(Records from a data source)

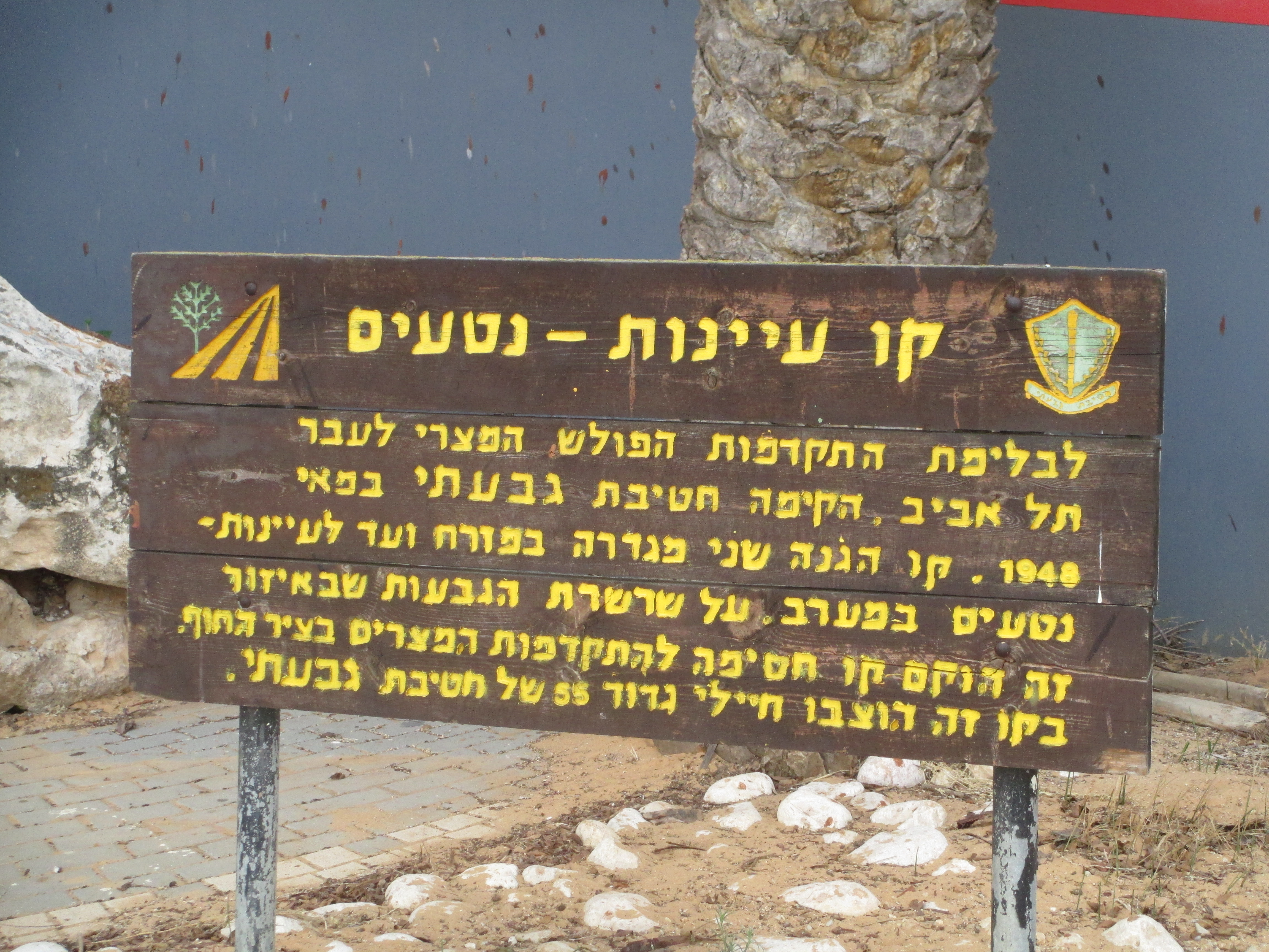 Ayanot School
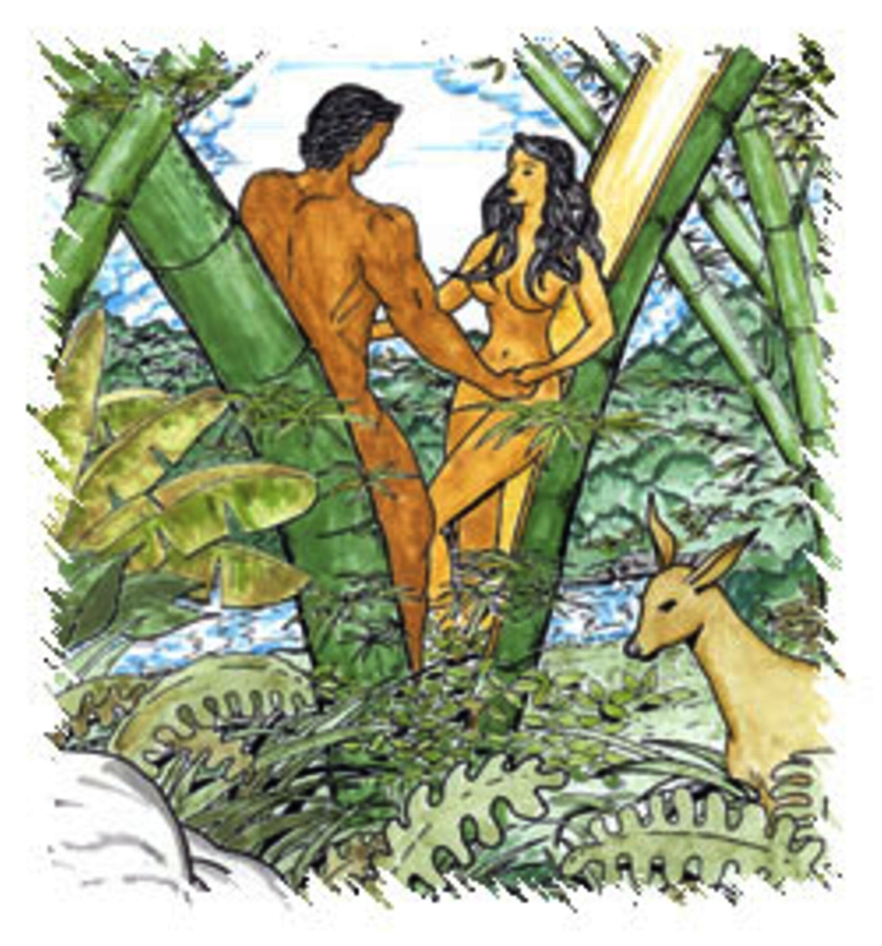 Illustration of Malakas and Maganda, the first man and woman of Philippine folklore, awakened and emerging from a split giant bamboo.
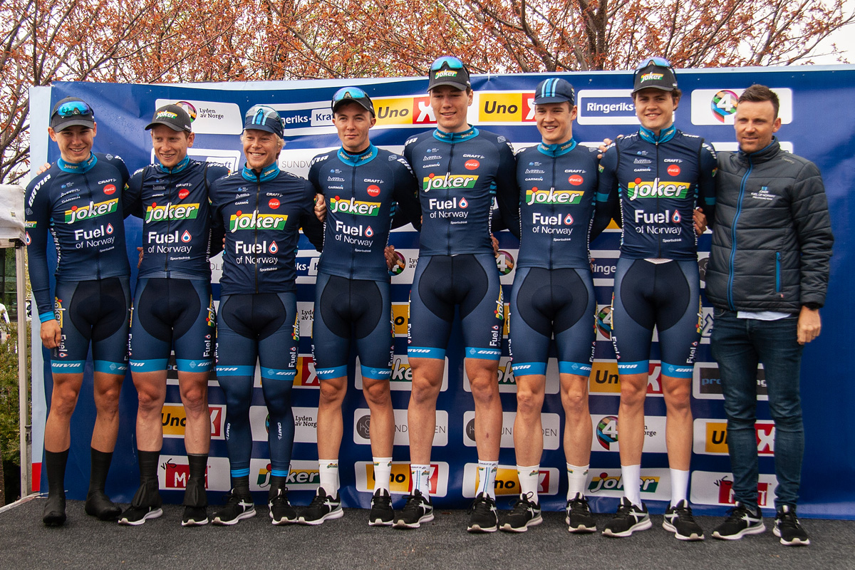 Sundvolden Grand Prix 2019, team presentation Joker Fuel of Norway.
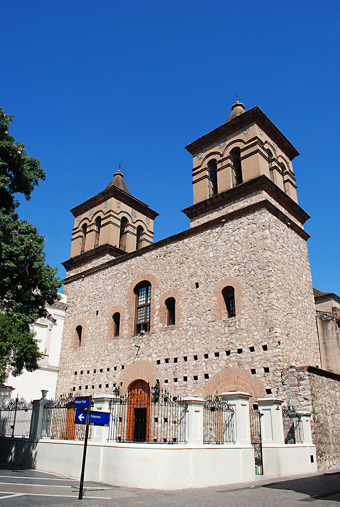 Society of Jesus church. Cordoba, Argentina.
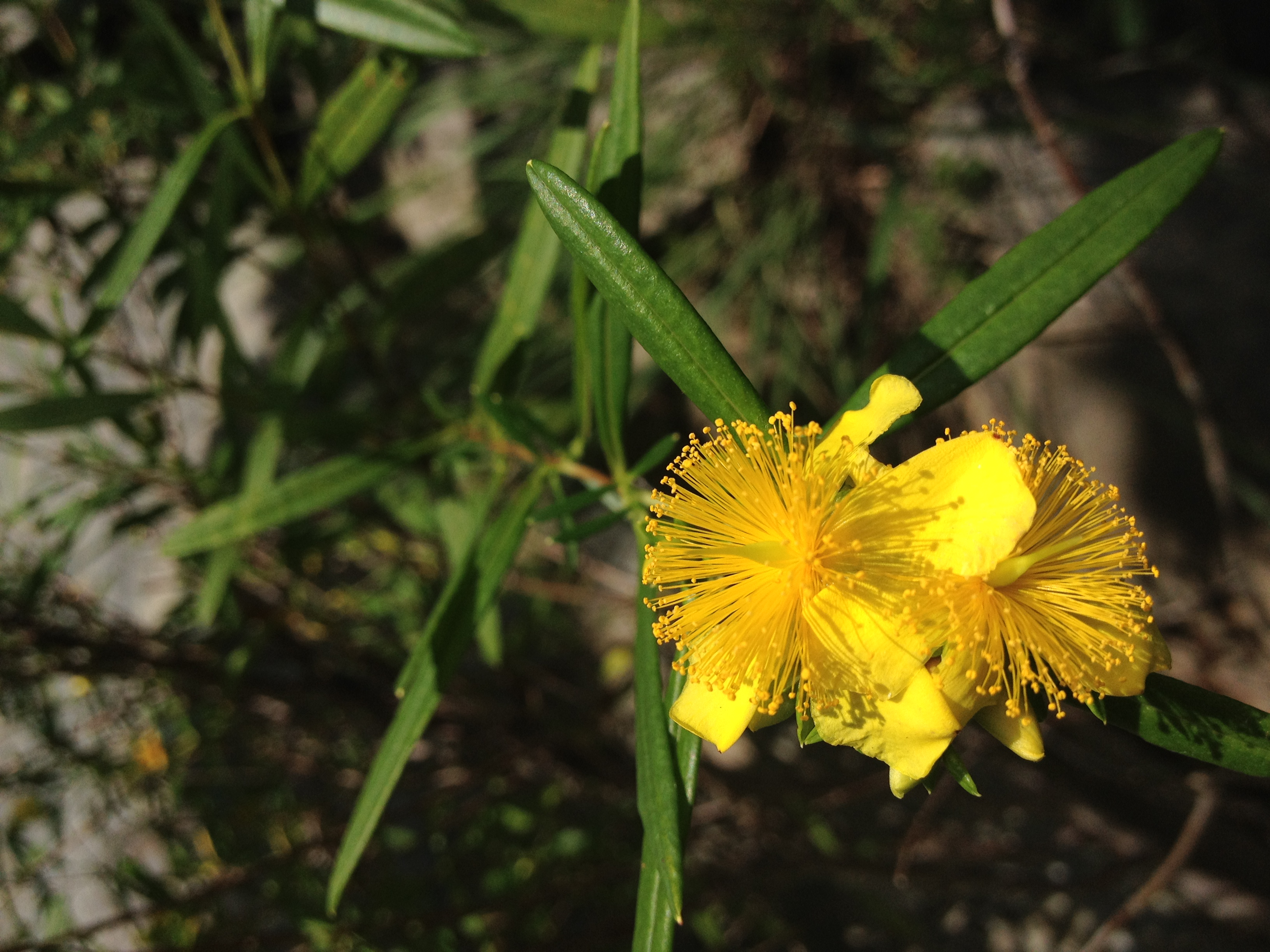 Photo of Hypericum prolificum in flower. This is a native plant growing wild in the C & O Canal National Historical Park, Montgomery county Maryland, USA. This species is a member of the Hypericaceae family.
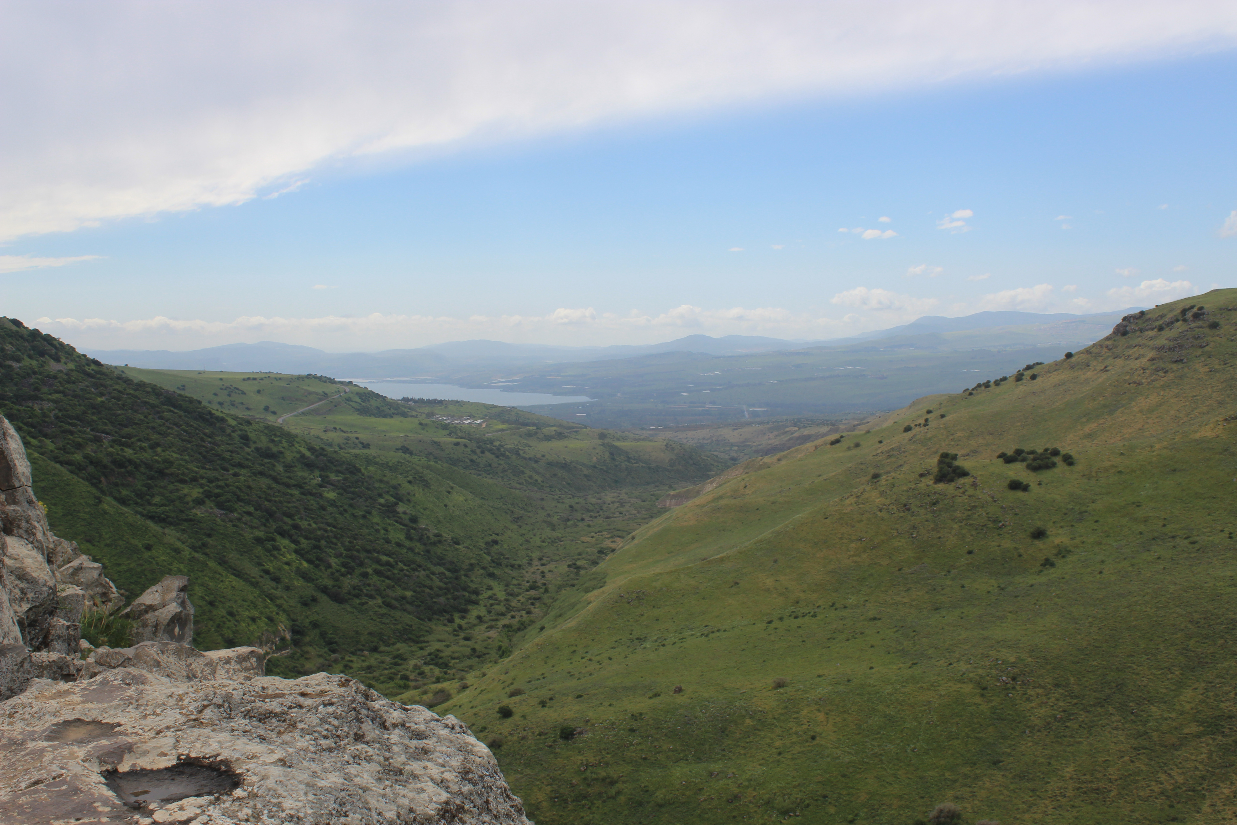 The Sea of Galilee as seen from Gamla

» WHAT YOU HAVE TO DO
Return a verbatim transcription of the data, omitting all images.

» OUTPUT OF THE TASK
 Ayanot School
 Illustration of Malakas and Maganda, the first man and woman of Philippine folklore, awakened and emerging from a split giant bamboo.
 Sundvolden Grand Prix 2019, team presentation Joker Fuel of Norway.
 Society of Jesus church. Cordoba, Argentina.
 Photo of Hypericum prolificum in flower. This is a native plant growing wild in the C & O Canal National Historical Park, Montgomery county Maryland, USA. This species is a member of the Hypericaceae family.
 The Sea of Galilee as seen from Gamla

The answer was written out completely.